Figure 2 –. Projection imaging applied to various microscopes.

A Numerical projection of a conventional z-stack (334 planes) of MV3 cells labeled with AKT-PH-GFP, acquired with conventional LLSM. B Projection view of an MV3 cells expressing AKTPH-GFP, acquired with LLSM-Pro. This view was acquired on a single camera frame. C Vasculature in the hindbrain of a Zebrafish embryo, viewed under a 45-degree angle to the optical axis, as imaged with mSPIM-Pro. The veins/endothelial tissue of the zebrafish was labeled with GFP (Tg(krdl:GFP)). D Spheroid formed by cancer cells (A-375) labeled with GFP-Tractin under two viewing angles (45 and 0 degrees) as imaged by mSPIM-Pro. E Mouse colon crypt cells labeled with cytosolically with TdTomato and embedded in collagen as imaged by SDCM-Pro. F single slice view of cultured Neurons, acquired with OPM. Only a narrow field of view is visible at any time G Projection view of cultured neurons at the same location as in G, acquired with OPM-Pro. Scale bars: A,B,E,F 10 microns. C,D 50 microns

Figure 3 -. Dynamic projection imaging.

A MV3 cell labeled with AKT-PH-GFP as imaged with LLSM-Pro. B&C Zoomed in version of the regions within the blue and green boxes in A. D&E Kymographs along the red dotted lines shown in B&C. The orange dotted lines indicate different growth phases in two blebs. F Projection of cultured cortical neurons expressing the calcium indicator GCaMP6f as imaged by OPM-Pro. G Signal trace from the oval region marked in F displayed as the change in fluorescence intensity (ΔF) relative to its baseline value (F). Scale bars: A-C 10 microns; F 20 microns.
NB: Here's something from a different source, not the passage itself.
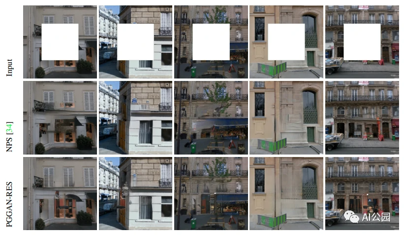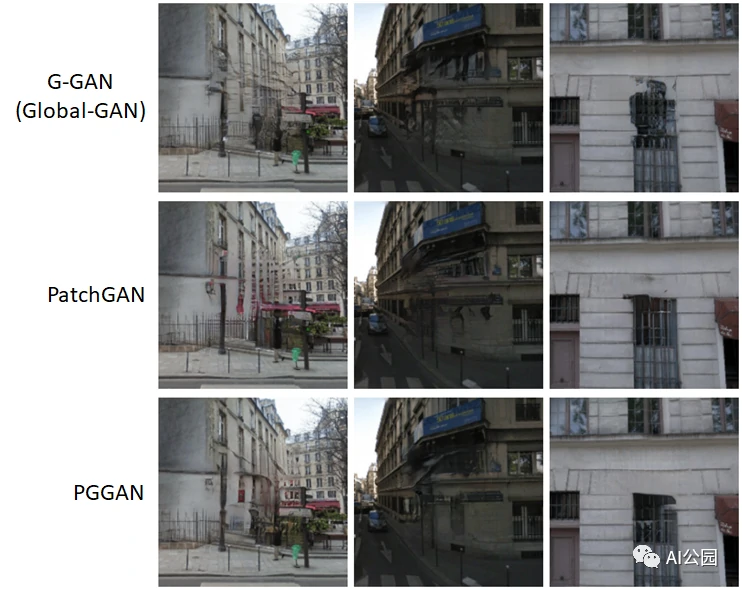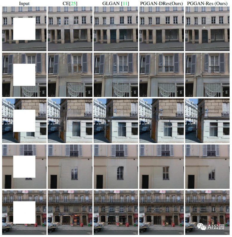 图6显示了用不同判别器训练同一生成器网络的修复结果。从图6的最后一列来看,如果只使用G-GAN鉴别器,则会观察到窗口的局部纹理细节很差。与G-GAN相比,PatchGAN提供了更好的窗口局部纹理细节,但窗口的角落看起来与全局结构不一致。总之,PGGAN可以提供最好的视觉效果。

Figure 4 –. Simultaneous Multi Angle Viewing.

A Schematic illustration of two viewing directions of a cell on a coverslip. B Anaglyph for 3D viewing of a MV3 cancer cells expressing AKT-PH GFP obtained with LLSM-Pro. 3D red cyan glasses are recommended to view this image correctly. The image was created by two different views (15° and −15° to the normal of the coverslip) of the cell at a frame rate of 1Hz. C 3D localization from two views of genetically encoded monomeric nanoparticles in a fixed MV3 cell. Magenta shows a rendering of the location in 3D, and maximum intensity projections are shown on the side in black. Small inset shows the two projections (green and magenta) obtained with OPM-Pro. The difference in viewing angle between the two views amounts to 18 degrees. D Schematic illustration of a dual camera setup that allows simultaneous acquisition of projections under two different viewing angles. E Orthogonal viewing directions under which an embryonic zebrafish heart was imaged. F Three frames of a movie of orthogonal projections of a beating zebrafish heart imaged at a framerate of 10 Hz, obtained with LLSM-Pro. The veins/endothelial tissue of the zebrafish was labeled with GFP (Tg(krdl:GFP)). View 1 is −60 degrees and view 2 is 30 degrees relative to the nominal focal plane of the detection objective. Scale bars: 10 microns in B-C and 20 microns in F.